Work to complete: Only the lines from the one bearing "En la publicación" through the end of the listing belong in your response, restated word for word and without pictures.

- - - -

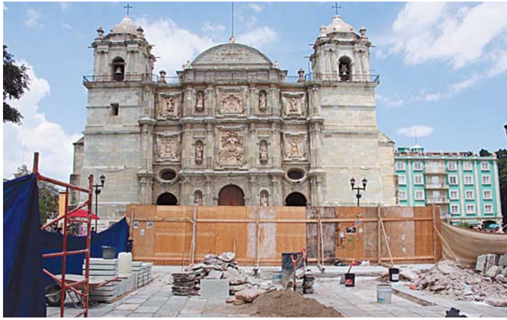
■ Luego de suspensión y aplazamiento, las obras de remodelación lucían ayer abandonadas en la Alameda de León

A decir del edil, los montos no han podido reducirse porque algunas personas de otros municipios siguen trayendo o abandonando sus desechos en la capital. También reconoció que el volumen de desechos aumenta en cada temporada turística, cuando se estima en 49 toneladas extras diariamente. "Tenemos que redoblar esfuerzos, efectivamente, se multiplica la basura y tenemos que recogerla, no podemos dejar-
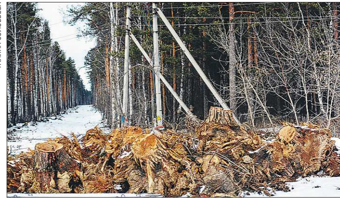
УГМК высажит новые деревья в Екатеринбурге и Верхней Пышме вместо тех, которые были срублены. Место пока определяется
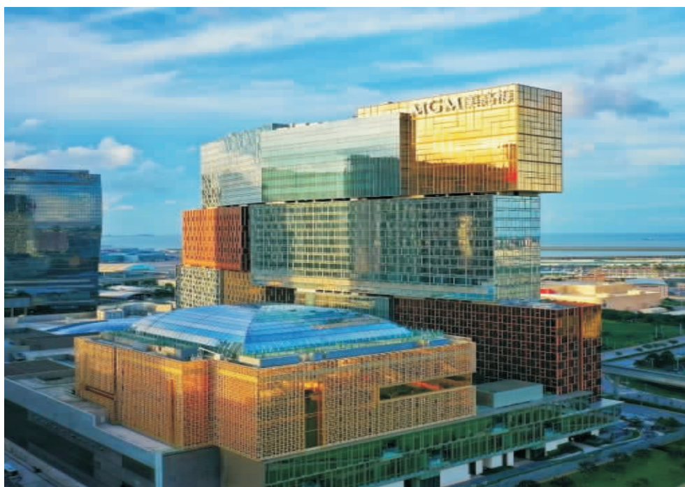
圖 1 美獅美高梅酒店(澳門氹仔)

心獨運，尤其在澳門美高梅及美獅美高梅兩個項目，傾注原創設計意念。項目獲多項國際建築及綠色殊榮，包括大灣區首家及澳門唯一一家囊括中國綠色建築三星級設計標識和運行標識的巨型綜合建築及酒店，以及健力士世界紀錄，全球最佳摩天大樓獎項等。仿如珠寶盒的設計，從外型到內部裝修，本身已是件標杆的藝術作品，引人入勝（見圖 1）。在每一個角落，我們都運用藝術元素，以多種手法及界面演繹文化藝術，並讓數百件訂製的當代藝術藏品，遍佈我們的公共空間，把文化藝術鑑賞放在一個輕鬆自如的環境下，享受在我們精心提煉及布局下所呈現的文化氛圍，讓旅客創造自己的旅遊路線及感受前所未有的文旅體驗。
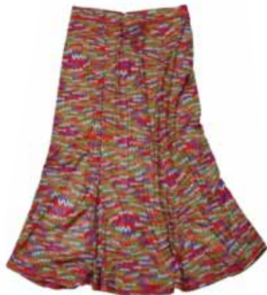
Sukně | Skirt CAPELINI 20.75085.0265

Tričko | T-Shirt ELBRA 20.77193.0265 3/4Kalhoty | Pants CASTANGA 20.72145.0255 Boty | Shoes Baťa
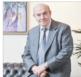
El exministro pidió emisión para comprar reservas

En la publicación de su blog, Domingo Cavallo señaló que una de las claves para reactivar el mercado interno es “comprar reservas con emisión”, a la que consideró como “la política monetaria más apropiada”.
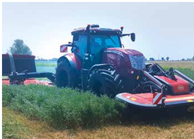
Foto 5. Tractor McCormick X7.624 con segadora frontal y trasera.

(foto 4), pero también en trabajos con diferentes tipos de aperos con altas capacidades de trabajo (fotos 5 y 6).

- - - -

Written solution:
En la publicación de su blog, Domingo Cavallo señaló que una de las claves para reactivar el mercado interno es “comprar reservas con emisión”, a la que consideró como “la política monetaria más apropiada”.
Foto 5. Tractor McCormick X7.624 con segadora frontal y trasera.

(foto 4), pero también en trabajos con diferentes tipos de aperos con altas capacidades de trabajo (fotos 5 y 6).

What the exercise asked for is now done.